The voltage and current sensor used to monitor the power consumed by the load. The voltage sensor used is a voltage divider circuit. This voltage sensor aims to read the value of the voltage consumption at the load based on operational variations. The load voltage sensor circuit is shown in Figure 5, whereas the current sensor is the same as shown in Figure 3.

2.6. Switching System

The switching system includes the power MOSFET as a switching component and IR2101 as the MOSFET driver. The use of MOSFET because it is a power switch controlled by voltage [23]. The arrangement of the MOSFET uses a PWM signal to provide a smooth opening and closing transition of the MOSFET. The MOSFET circuit and its gate driver is depicted in Figure 6. There is a MOSFETs connected to each battery. When the VLRA battery is selected, the MOSFET connected to it is ON and MOSFET to the LFP is switched OFF, and vice versa.

2.7. Whole System Design

The result of this research is a prototype, so it is necessary to model the system according to a simple electric vehicle system. Figure 7 is a block diagram of a simple electric vehicle system including a power supply, control system, and drive system. In this project, the power supply used is a dual battery that is a VRLA battery and an LFP battery. The control system used is the Arduino and the L298n motor driver to replace the electric vehicle control system. In the drive system using a DC motor with a rated voltage and current of 12 V and 0.18 A, respectively. There is a sensor on the battery side and the load. The data from the sensor are used in the switching algorithm to determine which battery will be used.
The flow process of switching between two batteries can be seen in Figure 8. Starting when the system is turned on, the primary battery (VLRA) is connected to the system. Then, the potentiometer, as a throttle, is varied to control the load. Sensor data are sent to the Arduino to determine the switching between two batteries.
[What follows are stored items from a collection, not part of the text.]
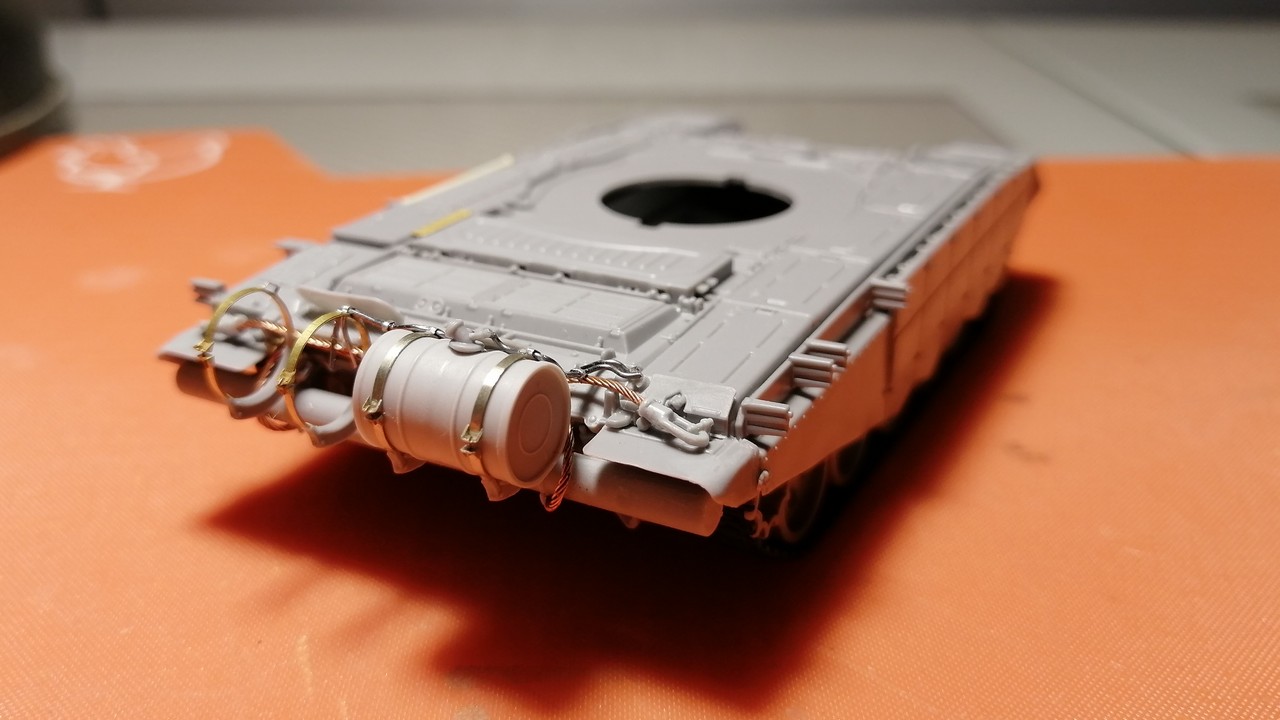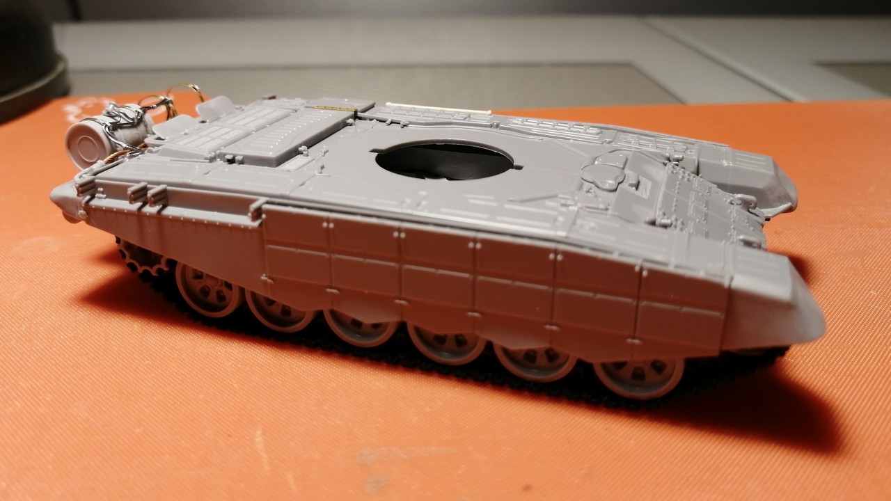 Итак, сложив всё в коробочку и традиционно немного «потряся» на выходе получили неплохую пластиковую «болванку» корпуса Т-72Б3 с улучшенными боевыми характеристиками. Впереди – немного обсыпать ФТД и смолой из антикризисных проектов для Т-90. На корму уже поставил топливную бочку и тросы. Лом на борту, крепления под трал на ВЛД тоже сделаны.
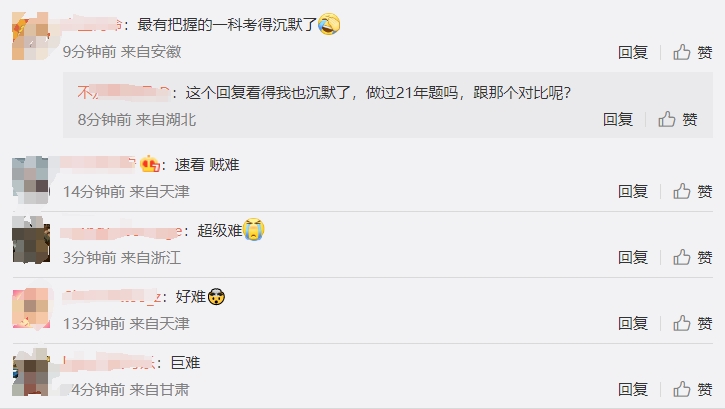 考生反饋截圖來源:新浪微博
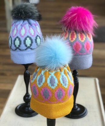 Florence is a stranded color-work hat that’s knitted using four contrasting colors. The pattern creates a bold, large scale design which makes a statement! It also has a hemmed brim to give it a crisp finished look.
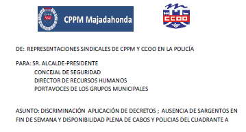Os adjuntamos el escrito que hemos registrado hoy jueves, en el que nuevamente venimos a denunciar y hacer pública una nueva discriminación en la gestión de personal en policía. El fondo del escrito que queremos denunciar es importante por cuanto si el gran problema que parece ser rompió el posible acuerdo de antes del verano, que era que la jefatura de policía establecía como imprescindible la presencia de 17 policías hasta las 4 de la mañana los viernes y sábados, ahora parece que ha cambiado. Presentaremos además este escrito en la próxima reunión de la mesa de negociación si insisten en la importancia del horario de viernes y sábados hasta las 4 de la mañana. Por otro lado, la reunión de la mesa general convocada para este viernes la han suspendido y nos han convocado al martes a la mesa de funcionarios, algo que por otro lado propusimos el otro día. |
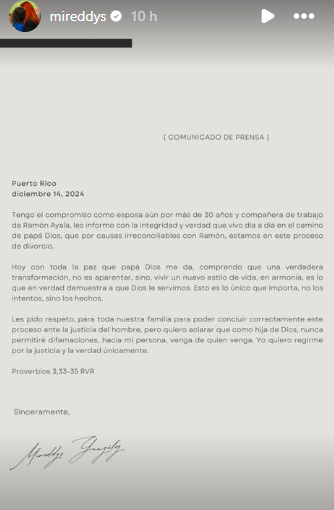 «Tengo el compromiso como esposa aún por más de 30 años y compañera de trabajo de Ramón Ayala, les informo con la integridad y verdad que vivo día a día en el camino de Papá Dios, que, por causas irreconciliables con Ramón, estamos en proceso de divorcio», señala en principio el comunicado que publicó el pasado 13 de diciembre.
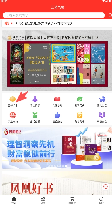 1、在首页的江苏书展页面中,点击“童书绘本”选项即可进入。
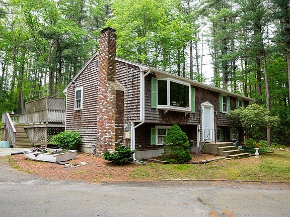 Set down a long driveway, this charming home is nestled in a canopy of trees and mature plantings on 1.9 acre of land with plenty of room to roam. First floor features the kitchen open to dining room and living room with wood-burning fireplace and new bay window. A full updated bath and three generous-sized bedrooms complete this floor with all hardwood flooring. The lower level includes a family room with a gas stove, a large storage/workshop area, laundry area and half bath with access to backyard. Wood deck overlooks private backyard and storage shed. Recent updates include a new front door, roof, bathroom, seven new windows, newer French door to deck and newer septic system (2013). Walk to Marshfield Hills Village with North River Arts Building, Post Office and General Store. Close to all conveniences, Rt. 3 and Greenbush Train to Boston. This home is in the Eames Way elementary school district. Don't miss this opportunity.
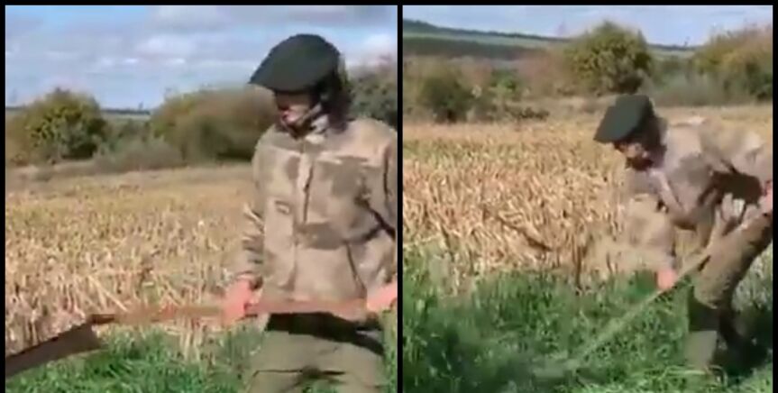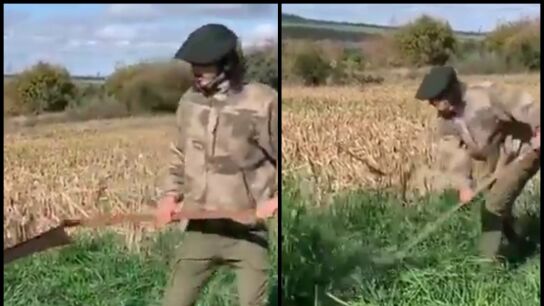 "Trabajando abdominales oblicuos", dice en un texto de Twitter para acompañar a un vídeo en el que se le ve cortando la mala hierba con una hoz.
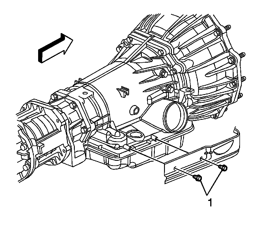 4. Remove the catalytic converter heat shield bolts (1) and shield.

There are three conditions that determine to switch, which are battery temperature, battery voltage, and potentiometer position, with battery temperature as the first priority and potentiometer as last priority. If the potentiometer is greater than the reference, then the switching system activates the LFP battery. The voltage sensor senses battery voltage when the battery voltage over the battery minimum references the switch change to the other battery. The reference values for a potentiometer, battery voltage and battery temperature can be seen in Table 2.

3. Results and Discussion

This chapter describes the results of the testing as a whole project, both the simulation and experiment will be presented.

3.1. Simulation Testing

In this test, the simulation is run by changing the potentiometer value to see whether the results match the algorithm that has been designed. Switching scenario based on the potentiometer value, if the potentiometer value is <50%, the battery is connected to VRLA, and if the potentiometer value is >50%, the battery is connected to LFP. In this simulation, the potentiometer value is 60% and the LFP battery is connected to the load as depicted in Figure 9.
Switching wave testing is carried out to test whether the circuit is working or not. Testing of the switching wave on MOSFET is taken from the virtual oscilloscope. When switching occurs, the PWM value of the high output connected to the MOSFET gate will change from 255 to 0, produce in a soft-switching wave. The result of the switching wave on MOSFET connected to the LFP battery when the PWM value is 60% is depicted in Figure 10.

3.2. Hardware Testing

In hardware testing, several tests were carried out, namely testing the sensor accuracy and sensor precision, testing single VRLA and LFP batteries, and testing multiple batteries. A circuit board after assembly and packaging is shown in Figure 11. The whole hardware system simulation includes a dual battery control system, motor driver, potentiometer, and the motor are depicted in Figure 12.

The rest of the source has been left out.